The `e` positional argument is used to determine whether a read should have errors generated within it.
A 25% error rate (as in the below examples) means that approximately 1 in every 4 reads will contain errors.
A more realistic figure would be 1-2%.

Once a read is determined to be erroneous the nucleotide error rate kicks in.
A 2% error rate (as in the below examples) means that
approximately 1 in every 50 nucleotide positions will be fudged.
As it is randomised, it may in fact not end up being fudged at all..

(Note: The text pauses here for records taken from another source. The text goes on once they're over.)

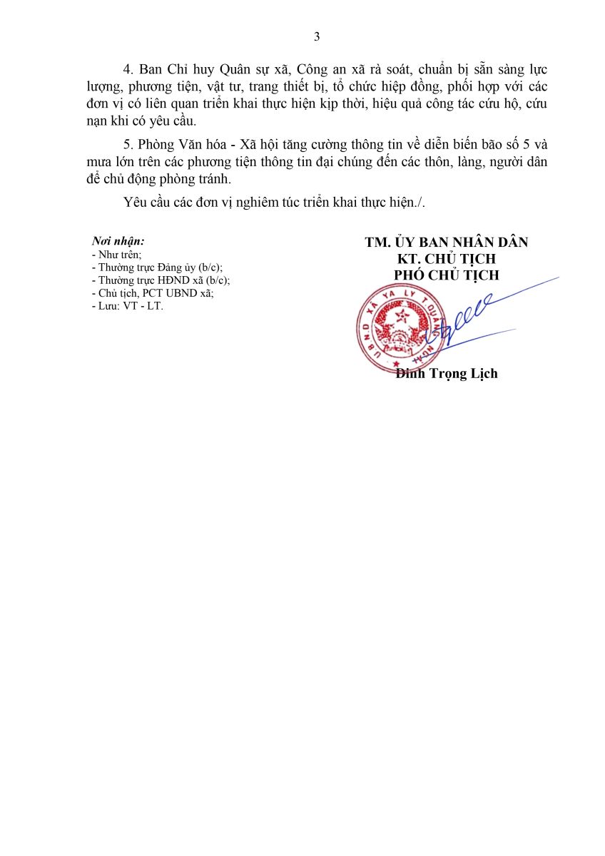 Về việc chủ động ứng phó với diễn biến bão số 5 và nguy cơ mưa lớn gây ngập lụt, sạt lở đất, lũ ống, lũ quét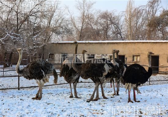 2022年12月13日,呼图壁县大丰镇高桥村科祥鸵鸟养殖农民专业合作社里的鸵鸟。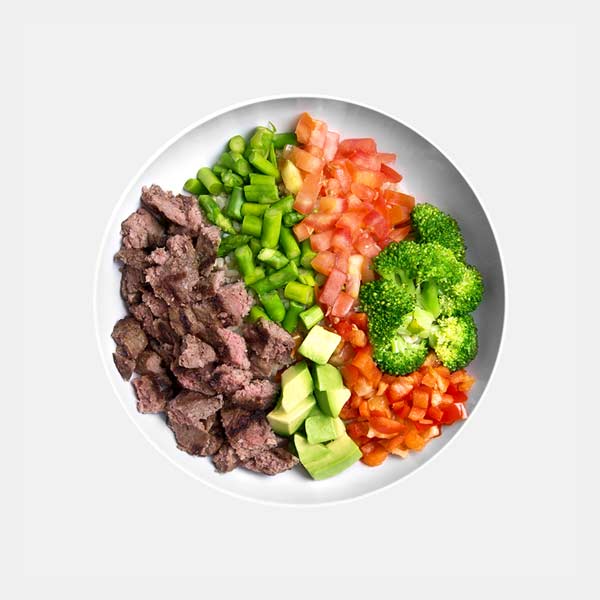 Grass-Fed Bison*, Avocado, Asparagus, Broccoli, Tomatoes, Red Peppers.

An error can be either a substitution, insertion or deletion
(unless indels are disabled via `--no-with-indels`),
for instance:

AGCT
# Some errors that can occur at "G"'s position:
ATCT # Substitute "G" with "T".
AGTCT # Insert "T" after "G".
ACT # Delete "G".

## It's "naive"

The generator doesn't attempt to emulate the real properties of DNA sequences and their errors.
The characters used from the alphabet, the location of reads in the sequence and the errors within those reads
are all uniformly randomly selected.

In reality certain regions within the sequence would have higher or lower coverage,
and thus have more reads output which overlap in those areas,
and the errors within them may not be so "purely" random and nicely distributed.

## Usage and examples

$ ./read_gen.py 80 10 80 0.25 --output-sequence --no-fastafy --read-length-variation=0
CGGGGGACGTCAAGCTAGCGGGGCAGCAGCGGTTCTGAGAGGTCGGGGTGGTTGAGGAGCAGAAATGACTCTTGCCCGGA # `--output-sequence`.
CGGGGGACGTCAAGCTAGCGGGGCAGCAGCGGTTCTGAGAGGTCGGGGTGGTTGAGGAGCAGAAATGACTCTTGCCCGGA
CGGGGGACGTCAAGCTAGCGGGGCAGCAGCGGTTCTGAGAGGTCGGGGTGGTTGAGGAGCAGAAATGACTCTTGCCCGGA
CGGGGGACGTCAAGCTAGCGGGGCAGCAGCGGTTCTGAGAGGTCGGGGTGGTTGAGGAGCAGAAATGACTCTTGCCCGGA
CGGGGGACGTCAAGCTGCGGGGCAGCAGCGGTTCTGAGAAGGTCGGGGTGGTTGAGGAGCAGAAATGACTCTTGCCCGGA # 1 insertion and 1 deletion.
CGGGGGACGTCAAGCTAGCGGGGCAGCAGCGGTTCTGAGAGGTCGGGGTGGTTGAGGAGCAGAAATGACTCTTGCCCGGA
CGGGGGACGTCAAGCTAGCGGGGCAGCAGCGGTTCTGAGAGGTCGGGGTGGTTGAGGAGCAGAAATGACTCTTGCCCGGA
CGGGGGACGTCAAGCTAGCGGAGCAGCAGCGGTTCTGAGAGGTCGGGGTGGTTGCGGAGCAGAGATGACTCTTGCCCGGA # 3 substitutions.
CGGGGGACGTCAAGCTAGCGGGGCAGCAGCGGTTCTGAGAGGTCGGGGTGGTTGAGGAGCAGAAATGACTCTTGCCCGGA
CGGGGGACGTCAAGCTAGCGGGGCAGCAGCGGTTCTGAGAGGTCGGGGTGGTTGAGGAGCAGAAATGACTCTTGCCCGGA
CGGGGGACGTCAAGCTAGCGGGGCAGCAGCGGTTCTGAGAGGTCGGGGTGGTTGAGGAGCAGAAATGACTCTTGCCCGGA

You'd probably run it with more useful parameters -
these examples just need to effectively demonstrate the script's functionality.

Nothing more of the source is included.